## EXERCISE DESCRIPTION:
Stop at the line that contains "CHANEL Diana 25". Until then, set down each line of the records exactly, beginning with the first, and skip pictures.

## INFORMATION SUPPLIED:
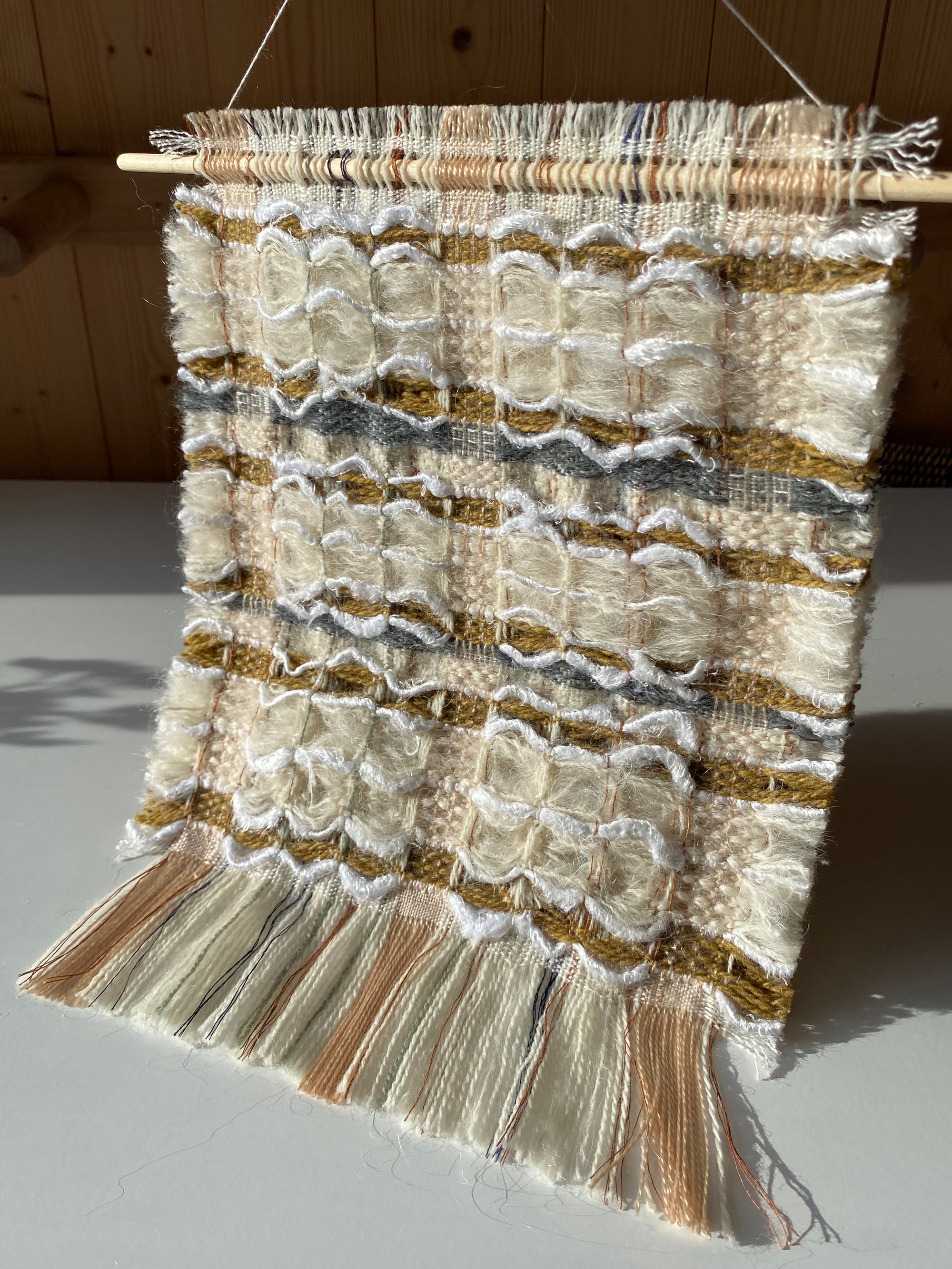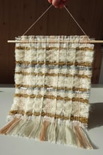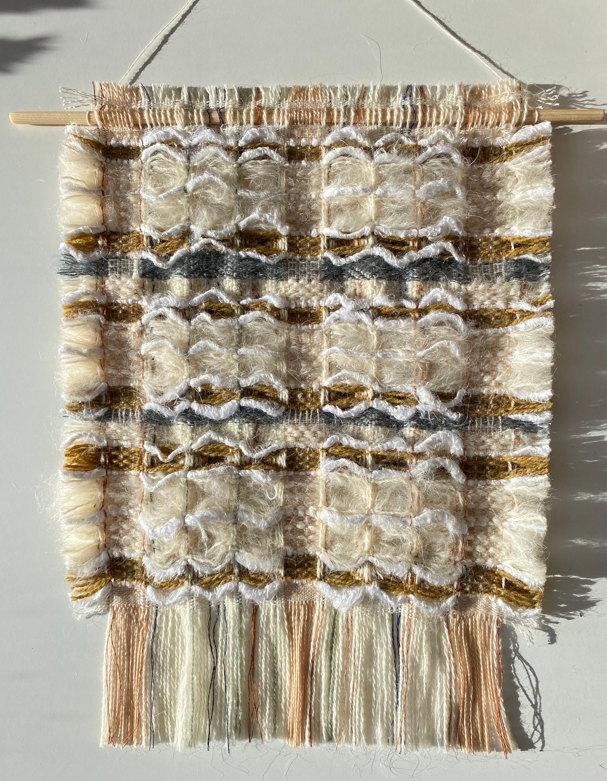 A one-of-a-kind, mini wall hanging. Woven with soft to touch fibres and comforting colours. All of the materials are natural and biodegradable.
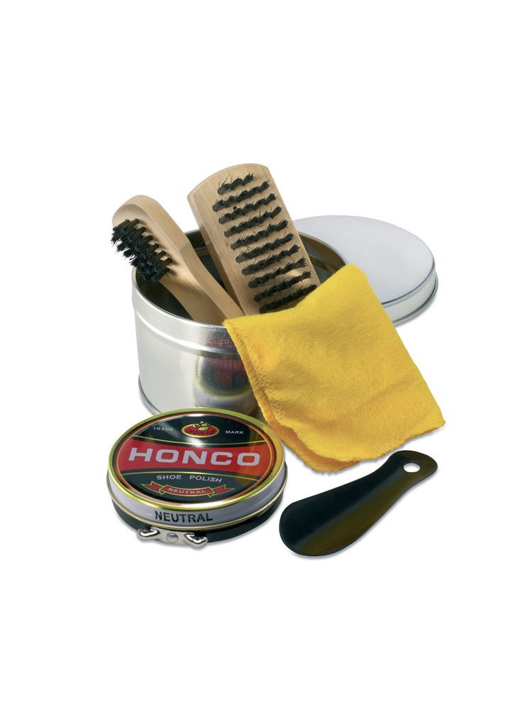 5-częściowy zestawu do pielęgnacji butów w metalowym pudełku upominkowym. Zestaw zawiera żółtą ściereczkę do polerowania, łyżkę do butów, dużą szczotkę, małą szczotkę do mniejszych detali oraz pastę w neutralnym kolorze.
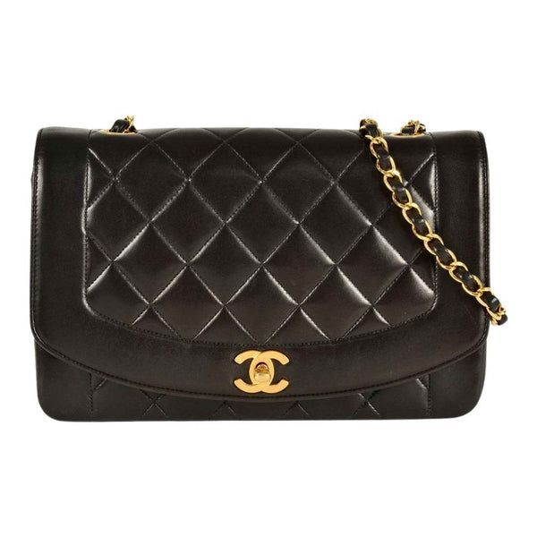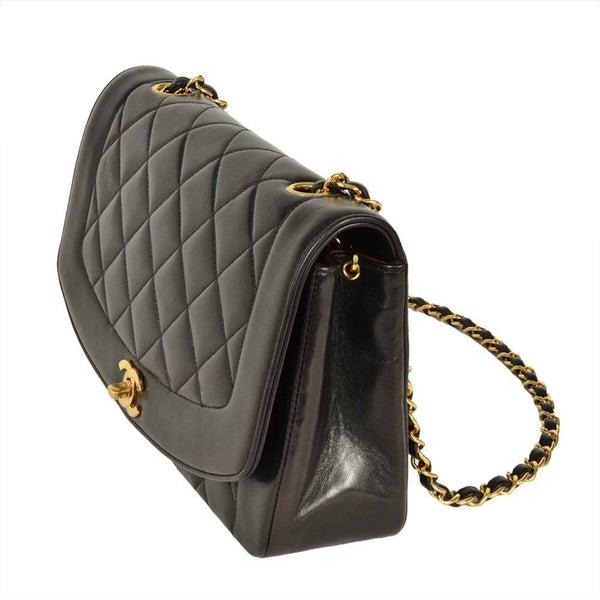 CHANEL Diana 25 Shoulder Bag Lambskin A01165 Black Coco Mark
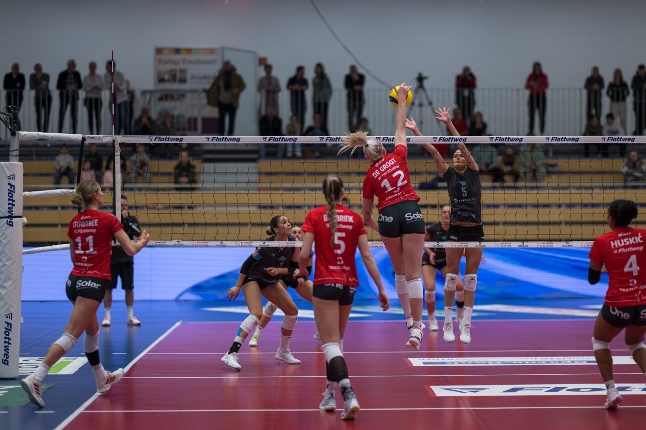 Gerade im ersten Satz war Tina de Groot eine der auffälligsten Spielerinnen im Rote Raben-Trikot, die mit ihren Punkten immer wieder dafür sorgte, dass die Roten Raben in der Partie blieben. Denn sie begannen alles andere als erfolgversprechend: Beim 0:4 musste Raben-Trainer Guillermo Gallardo bereits seine erste Auszeit nehmen und seine Spielerinnen ermahnen, endlich mehr Zug in ihr Spiel zu bringen. Schwächen in der Annahme, aber auch in der Abstimmung innerhalb des Teams sorgten dafür, dass die Gäste aus Düsseldorf immer in Schlagweite blieben.
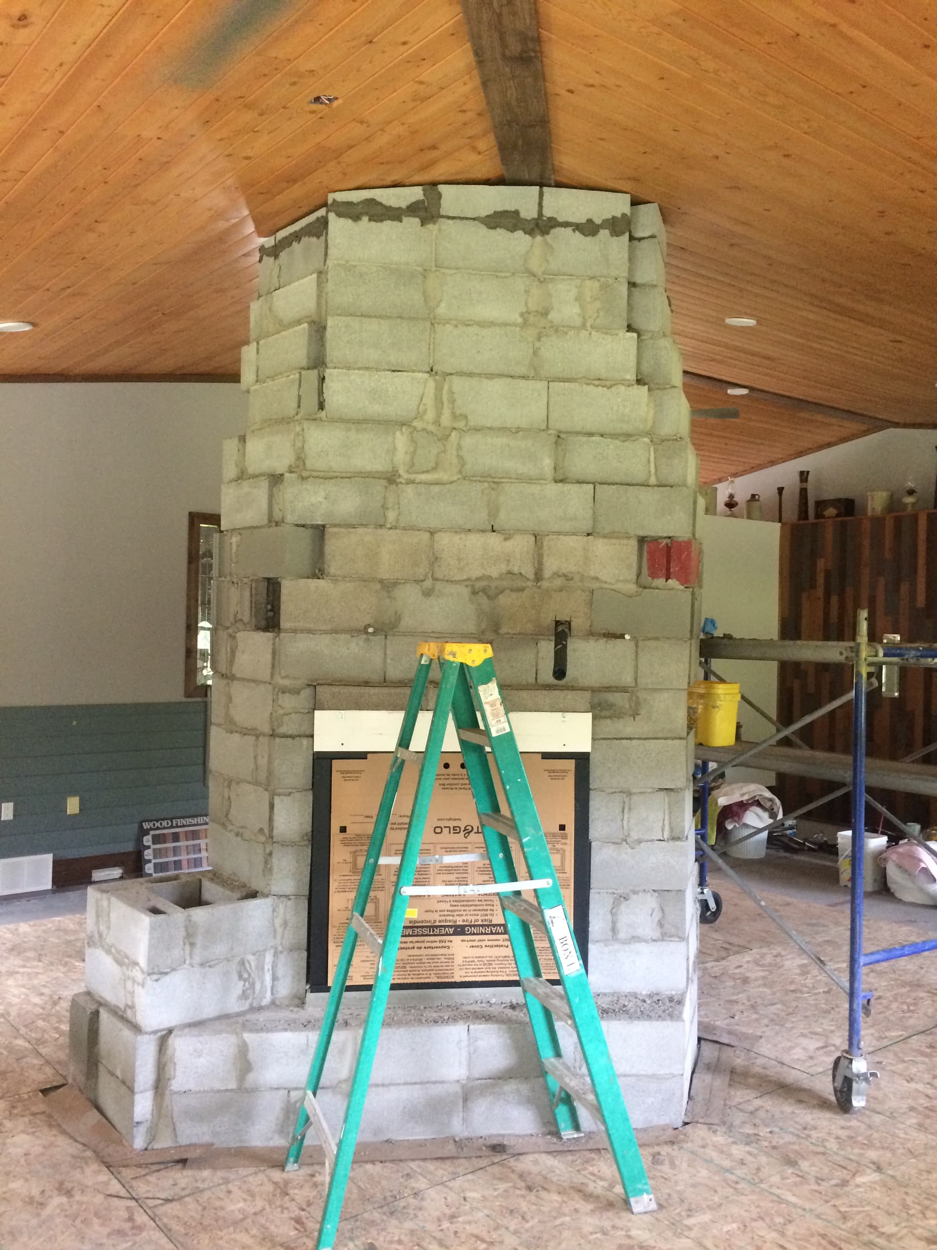 When we were planning our house that we built i really wanted a big old style fireplace. It took about 8 years for us to get the house to the point that i could start building it. By then my wife had declared that there was no way it was going to be wood. As she was tired of the mess and it goes well beyond dealing with the ash i have to agree on that. So we got a gas unit and i had a contractor friend who knew a bit about rock work and he got me started on things. After he had shown me how to first build a sub structure of cinderblocks around the gas insert.
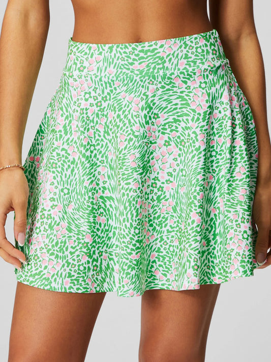 Womens Tennis Skirt with Pockets Green Leaves Print High Waisted Athletic Running Workout 2 in 1 Sports Badminton Golf Skort
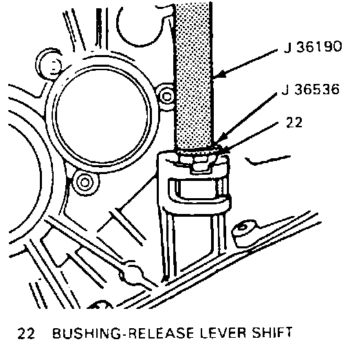 1. Release lever shaft bushings (22). Use J-36536 with J-36190 to drive in bushings, then coat bushing bores with grease No. 1052349, or equivalent.
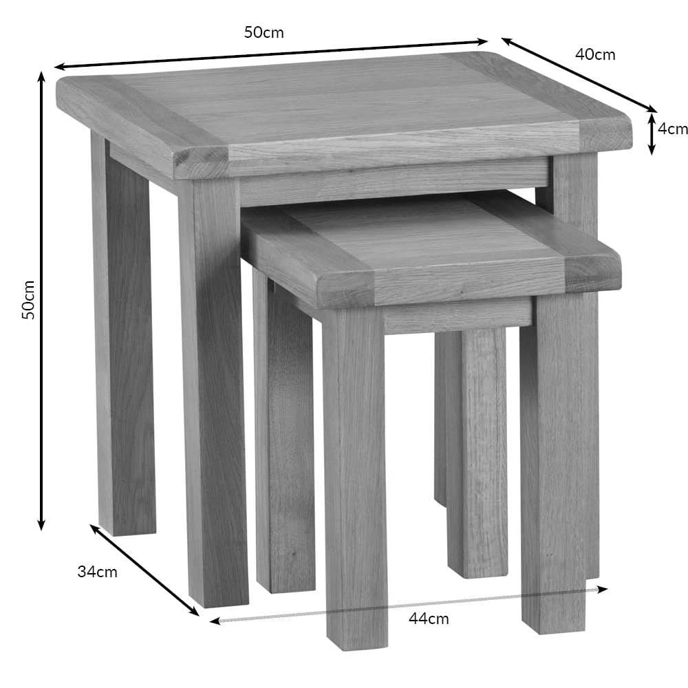 Get a double helping of chunky charm with our Winchester oak nest of 2 tables. This perfectly matched pair nest neatly together when you need them out of the way. You can slide them apart to use as separate occasional tables when you’re hosting friends.
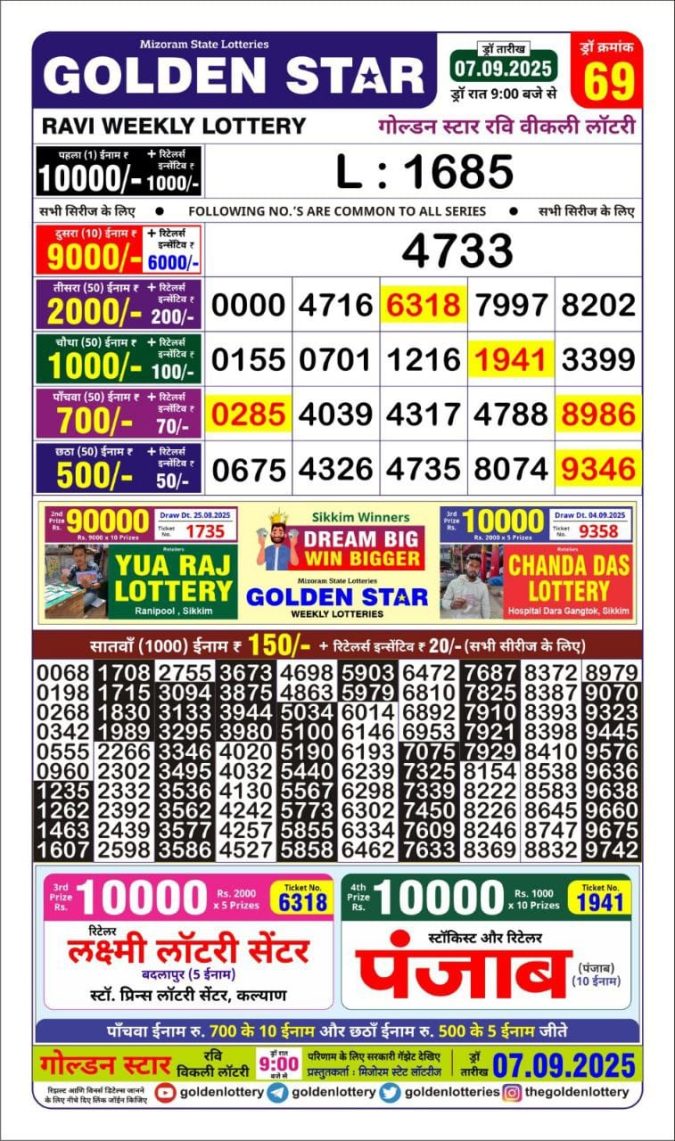 Golden Star Lottery Result Today 9 PM (07-09-2025)
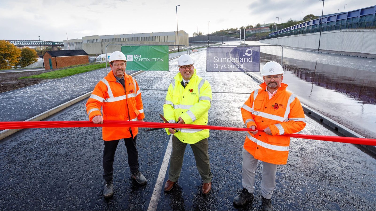 The 2.4km dual carriageway was unveiled in an opening ceremony held on Wednesday, 3rd November. Esh Chief Executive and Executive Director, Andy Radcliffe and Stephen Wilkie, along with SSTC3 Project Director, Steve Garrigan, joined the Leader of Sunderland City Council Graeme Miller on site to cut a ceremonial ribbon and watch the first vehicles travel the brand new route.
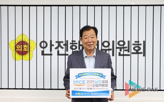 뉴스팍 배상미 기자 | 경기도의회 임상오 안전행정위원장(국민의힘, 동두천2)은 13일 ‘2025 남도국제미식산업 박람회’의 성공적인 개최를 기원하는 릴레이 응원 챌린지에 동참했다.
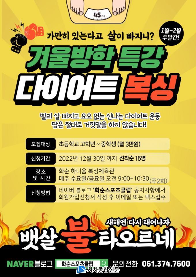 | ȼø½ºÆ÷Ã÷Ŭ·´, °Ü¿ï¹æÇÐ ´ÙÀÌ¾îÆ® º¹½Ì¹Ý ȸ¿ø ¸ðÁý ³»³â 1~2¿ù ¸ÅÁÖ 2ȸ ¿î¿µ...12¿ù 30ÀϱîÁö ¼±Âø¼ø 15¸í ¸ðÁý
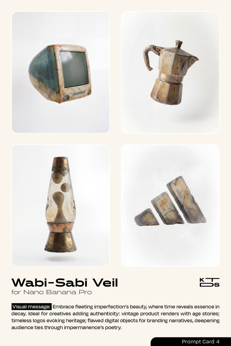 { "name": "Wabi-Sabi Veil", "type": "image", "description": "A subtle, imperfectly aged and weathered effect applied to the [OBJECT/PRODUCT/LOGO], embodying the Wabi-Sabi philosophy of finding beauty in imperfection, transience, asymmetry, and natural decay. The surface shows gentle patina with faint cracks that add character like a cherished cracked bowl, subtle discoloration from time's touch revealing proof of life, irregular textures like hand-thrown pottery with uneven glazing that's interesting rather than flawed, soft erosion at edges as if worn by wind and water evoking well-loved wear, minimalist simplicity with organic irregularities, muted natural imperfections such as tiny fissures filled with faint moss-like accents or tea-stain blooms that highlight resilience, and a sense of quiet humility in the object's form, levitating freely in space to highlight its humble beauty without distraction, rejecting polished perfection for memorable authenticity.", "negative_description": "No glossy perfection, no symmetrical precision, no vibrant artificial colors, no modern sleekness or polished chrome, avoid uniform textures, no digital sharpness or CGI smoothness, no ornate decorations or complexity, no bright highlights or harsh contrasts, no futuristic or mechanical elements, no cartoonish exaggeration, no heavy decay or broken appearance, no hidden cracks or over-polished surfaces.", "style": "In the authentic Japanese Wabi-Sabi aesthetic, blending the rustic simplicity of traditional tea ceremony ceramics with the aged elegance of Zen garden stones, hyper-realistic digital rendering mimicking ancient craftsmanship by artists like Isamu Noguchi or Tadao Ando, with subtle influences from organic minimalism and imperfection-focused photography akin to Hiroshi Sugimoto's serene seascapes.", "composition": "Centered asymmetrical floating composition in a soft three-quarter view to emphasize natural irregularities and volumetric depth, with the object occupying central focus but offset slightly for organic imbalance, generous white negative space surrounding to evoke solitude and introspection, rule of thirds placing key imperfections like cracks or patina blooms at intersection points for subtle visual poetry.", "camera_settings": { "lens": "50mm prime lens for natural perspective and intimate detail capture without distortion.", "aperture": "f/5.6 for balanced depth of field, keeping subtle textures in focus while allowing gentle fall-off.", "shutter_speed": "1/125s to capture stillness with a hint of natural motion blur in any faint steam or dust motes.", "iso": "200 for subtle grain that enhances the aged, organic feel without excessive noise." }, "lighting": { "type": "Soft, diffused natural daylight with minimal contrast for humble illumination.", "direction": "Gentle overhead light mimicking overcast sky from above, with subtle side fill from left to soft{ "name": "侘寂之纱", "type": "image", "description": "为 [OBJECT/PRODUCT/LOGO] 施加一种微妙、不完美的陈旧和风化效果,体现侘寂(Wabi-Sabi)哲学,即在不完美、无常、不对称和自然衰败中发现美。表面呈现出柔和的铜绿,带有细微的裂纹,如同珍贵的裂纹碗般增添特色;时间的触碰留下微妙的褪色,揭示生命的印记;不规则的纹理,如同手工制作的陶器,釉面不均,引人入胜而非缺陷;边缘有轻微的侵蚀,仿佛被风和水磨损,唤起被珍爱的磨损感;极简的朴素中带有自然的无规律性;柔和的自然缺陷,例如充满微弱苔藓般点缀的细小裂缝,或茶渍般的斑点,凸显韧性;以及物体形态中一种安静的谦逊感,在空间中自由漂浮,突出其朴素之美而不受干扰,拒绝完美的抛光,追求令人难忘的真实性。", "negative_description": "没有光泽的完美,没有对称的精确,没有鲜艳的人造色彩,没有现代的流畅或抛光的铬,避免统一的纹理,没有数字锐度或 CGI 光滑度,没有华丽的装饰或复杂性,没有明亮的亮点或强烈对比,没有未来感或机械元素,没有卡通式夸张,没有严重的腐烂或破损外观,没有隐藏的裂缝或过度抛光的表面。", "style": " authentic Japanese Wabi-Sabi aesthetic(真实的日式侘寂美学),融合了传统茶道陶瓷的质朴简约与禅宗园林石头的古老优雅,超现实的数字渲染模仿了野口勇(Isamu Noguchi)或安藤忠雄(Tadao Ando)等艺术家的古老工艺,并 subtly influences from organic minimalism and imperfection-focused photography akin to Hiroshi Sugimoto's serene seascapes(微妙地融入了有机极简主义和以不完美为焦点的摄影风格,类似于杉本博司(Hiroshi Sugimoto)宁静的海景)。", "composition": "Centered asymmetrical floating composition in a soft three-quarter view to emphasize natural irregularities and volumetric depth(柔和的四分之三视角下的居中不对称浮动构图,以强调自然不规则性和体积深度),物体占据中心焦点,但略微偏移以营造有机的不平衡感,周围留有充足的白色负空间以唤起孤独和内省,三分法构图将裂纹或铜绿斑点等关键缺陷置于交汇点,以形成微妙的视觉诗意。", "camera_settings": { "lens": "50mm prime lens for natural perspective and intimate detail capture without distortion(50 毫米定焦镜头,用于自然视角和捕捉亲密细节,无失真)。", "aperture": "f/5.6 for balanced depth of field, keeping subtle textures in focus while allowing gentle fall-off(f/5.6 光圈,用于平衡景深,使微妙的纹理保持清晰,同时允许柔和的虚化)。", "shutter_speed": "1/125s to capture stillness with a hint of natural motion blur in any faint steam or dust motes(1/125 秒快门速度,捕捉静止,同时在任何微弱的蒸汽或尘埃中带有一丝自然运动模糊)。", "iso": "200 for subtle grain that enhances the aged, organic feel without excessive noise(ISO 200,用于产生微妙的颗粒感,增强陈旧、有机的感觉,

## EXERCISE RESULT:
 A one-of-a-kind, mini wall hanging. Woven with soft to touch fibres and comforting colours. All of the materials are natural and biodegradable.
 5-częściowy zestawu do pielęgnacji butów w metalowym pudełku upominkowym. Zestaw zawiera żółtą ściereczkę do polerowania, łyżkę do butów, dużą szczotkę, małą szczotkę do mniejszych detali oraz pastę w neutralnym kolorze.
 CHANEL Diana 25 Shoulder Bag Lambskin A01165 Black Coco Mark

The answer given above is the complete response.